Construction of a chalcone reductase expression vector and transformation of soybean plants.

The present study aimed to clone the soybean chalcone reductase 3 (CHR3) and create a recombinant expression vector pCAMBIA3300-CHR3 containing Bar resistance gene as a selection marker, and then obtain transgenic soybean plants using Agrobacterium infection. The plant expression vector pCAMBIA3300-CHR3 was transferred into soybean receptor plants, Jinong 17 and Jilin 30. Polymerase chain reaction (PCR) and Southern blotting were used to confirm the positive transgenic plants. Additionally, reverse transcription-quantitative PCR (RT-qPCR) was used to detect CHR3 expression and isoliquiritigenin content was measured using high-performance liquid chromatography (HPLC) in the transgenic offspring.
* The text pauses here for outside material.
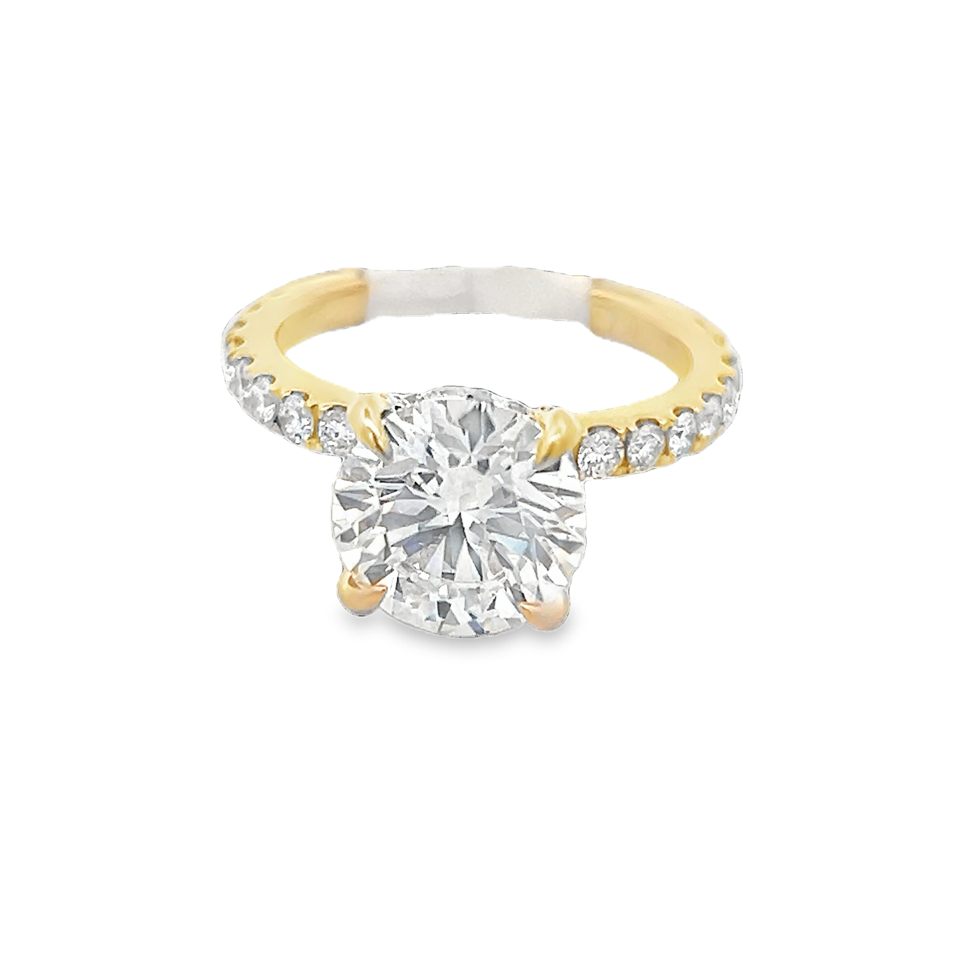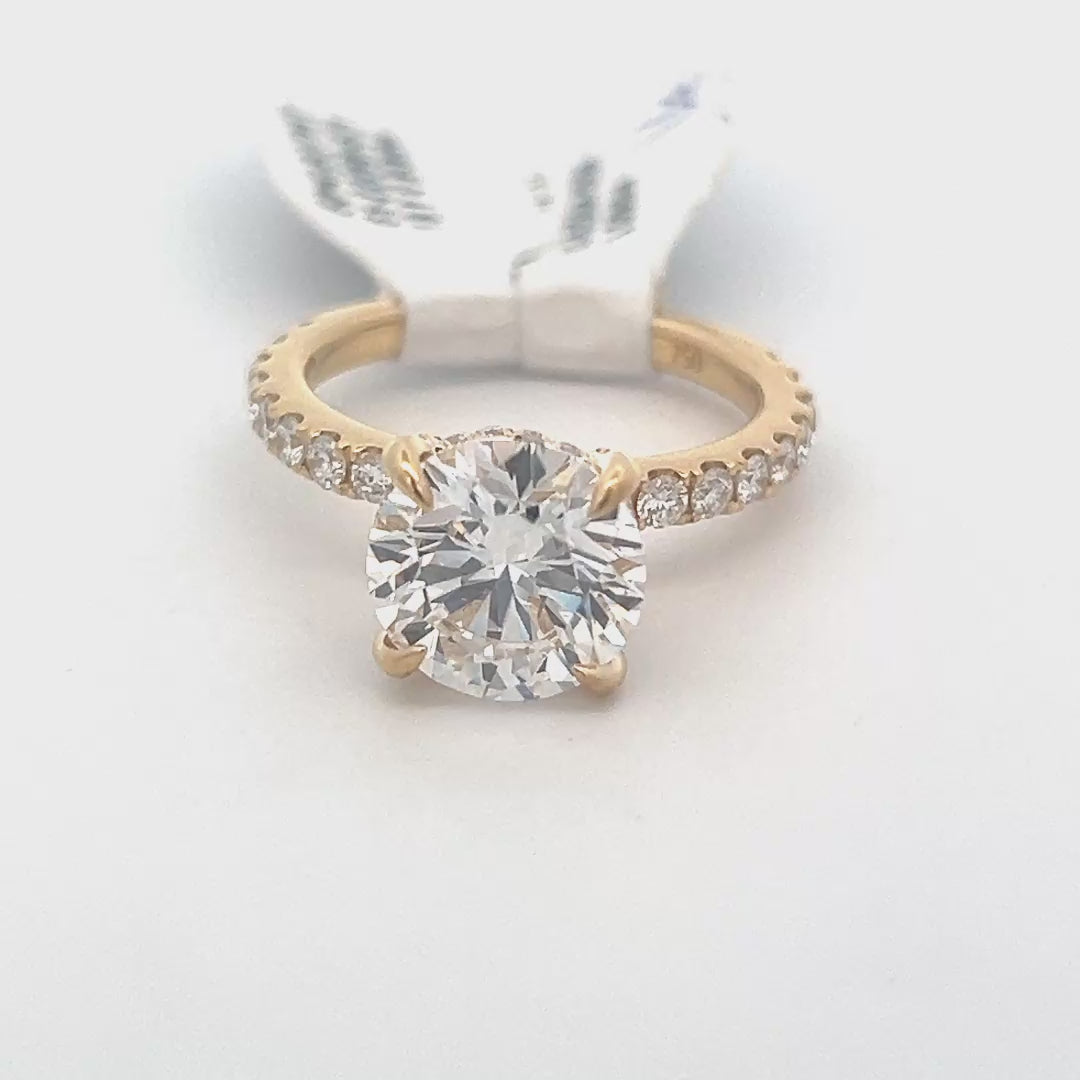 This stunning diamond engagement ring features a brilliant round-cut center stone, surrounded by a delicate band adorned with smaller diamonds. Crafted in luxurious gold, it symbolizes love and commitment, making it the perfect choice for that special moment.
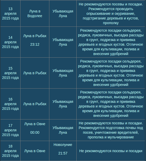 | АПРЕЛЬ | 2, 3, 5, 6, 11, 14, 19, 20, 25, 26, 29, 30 | 1, 2, 3, 4, 7, 8, 10, 11, 14, 18, 19, 20, 25, 26, 29 | 2, 3, 4, 9, 12, 17, 20, 21, 22, 25, 26, 29, 30 | 1, 4, 8, 10, /11 и 19 и 28/-(вредит. ) | 4, 7, 10, 13, 14, 15, 16, 26, 28 | 7, ПЛ 8, 9, 22, НЛ 23, 24 |

Soybean CHR3 (932 bp fragment) was successfully cloned into the plant expression vector pCAMBIA3300-CHR3, which was subsequently transferred into soybean receptor plants. In the T1 generation positive plants were validated by PCR analysis, including eight Jinong 17 and five Jilin 30 transgenic plants; Southern blotting demonstrated that the functional components of the pCAMBIA3300-CHR3 vector had been integrated into the soybean genome; RT-qPCR results demonstrated that the expression of CHR3 mRNA was increased by 2 to 20-fold in the transgenic plants compared with the non-transgenic soybean plants. Furthermore, the isoliquiritigenin content was increased by 8.56% in the transgenic Jinong 17, compared with control plants, as detected by HPLC. The CHR3 gene can produce isoliquiritigenin, a precursor of daidzein, which in turn can improve the ability of soybean to resist phytophthora root rot.